*SUPPLIED INFORMATION:*
-- -- --

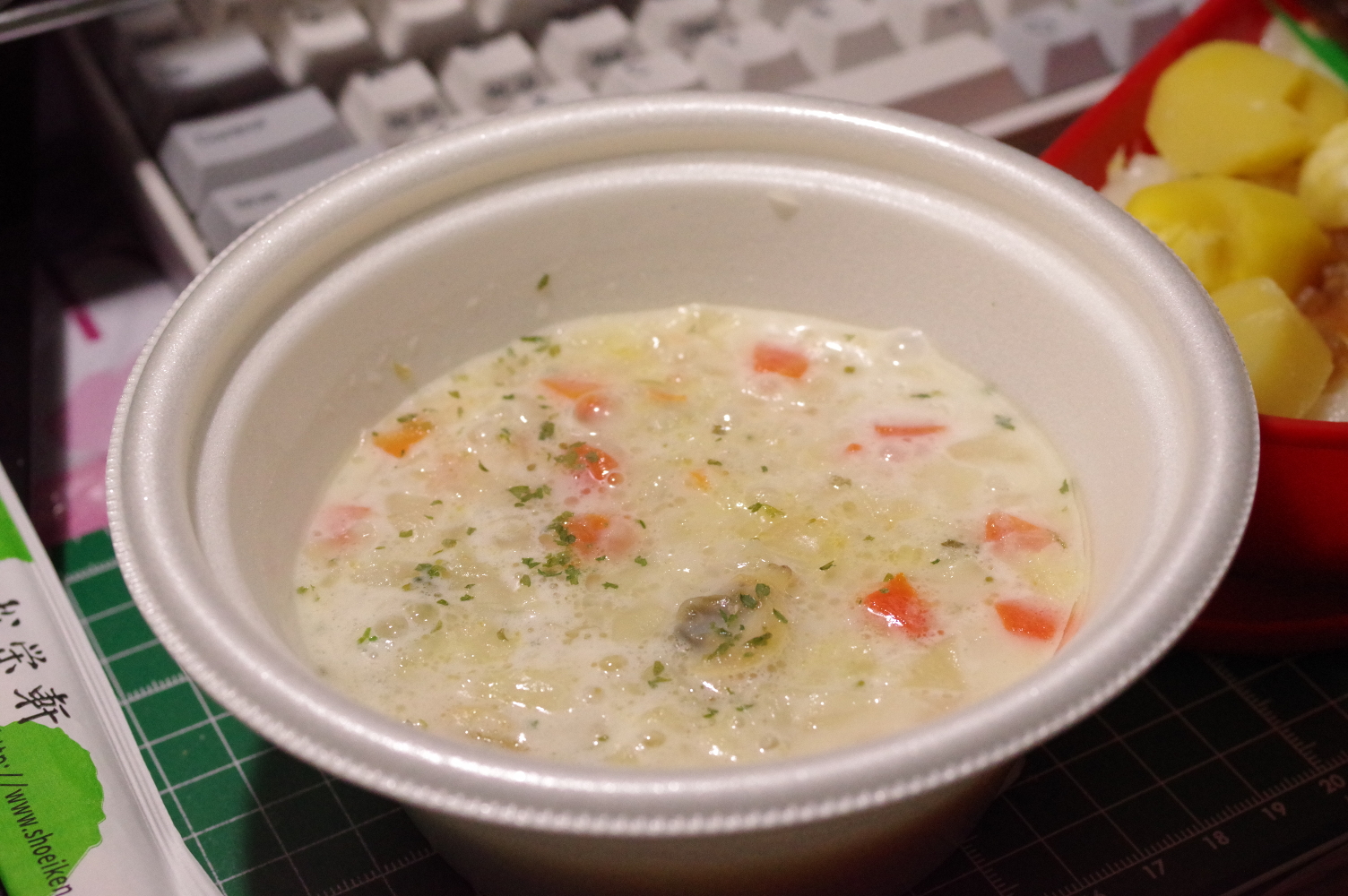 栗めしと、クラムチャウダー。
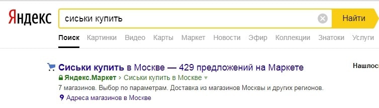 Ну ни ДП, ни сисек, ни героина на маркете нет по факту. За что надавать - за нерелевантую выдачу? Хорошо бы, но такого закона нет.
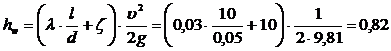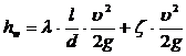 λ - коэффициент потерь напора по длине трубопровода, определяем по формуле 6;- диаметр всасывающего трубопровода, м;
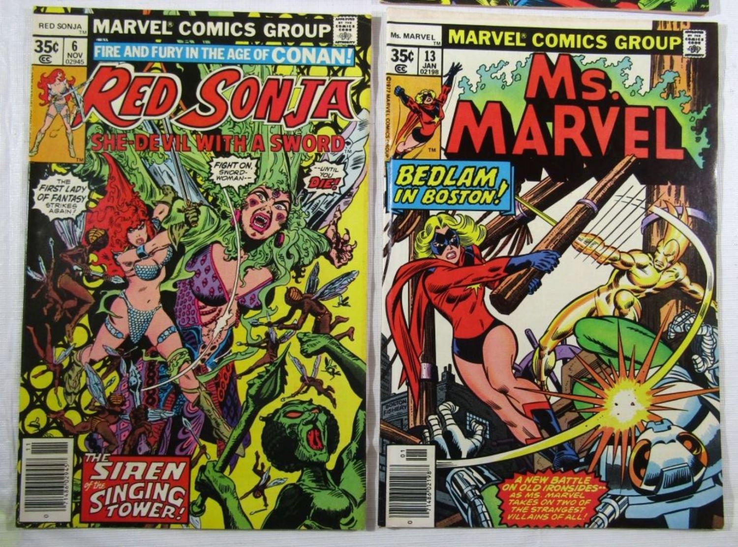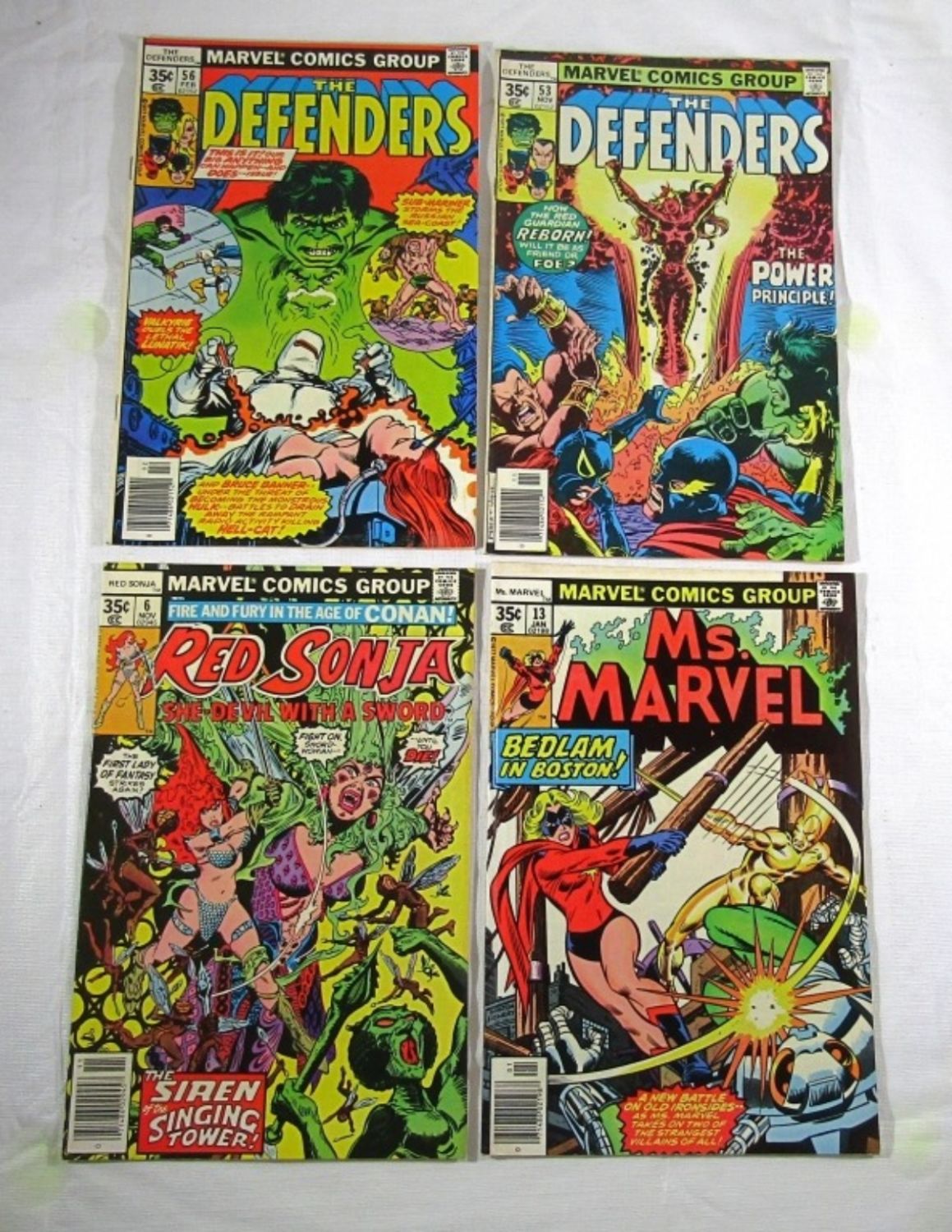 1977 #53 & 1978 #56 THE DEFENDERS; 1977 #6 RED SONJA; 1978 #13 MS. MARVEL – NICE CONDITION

-- -- --

Retype the line containing "Ну ни ДП, ни" and all lines after it through the end of the material, exactly and only those, leaving out pictures.

*EXERCISE RESULT:*
 Ну ни ДП, ни сисек, ни героина на маркете нет по факту. За что надавать - за нерелевантую выдачу? Хорошо бы, но такого закона нет.
 λ - коэффициент потерь напора по длине трубопровода, определяем по формуле 6;- диаметр всасывающего трубопровода, м;
 1977 #53 & 1978 #56 THE DEFENDERS; 1977 #6 RED SONJA; 1978 #13 MS. MARVEL – NICE CONDITION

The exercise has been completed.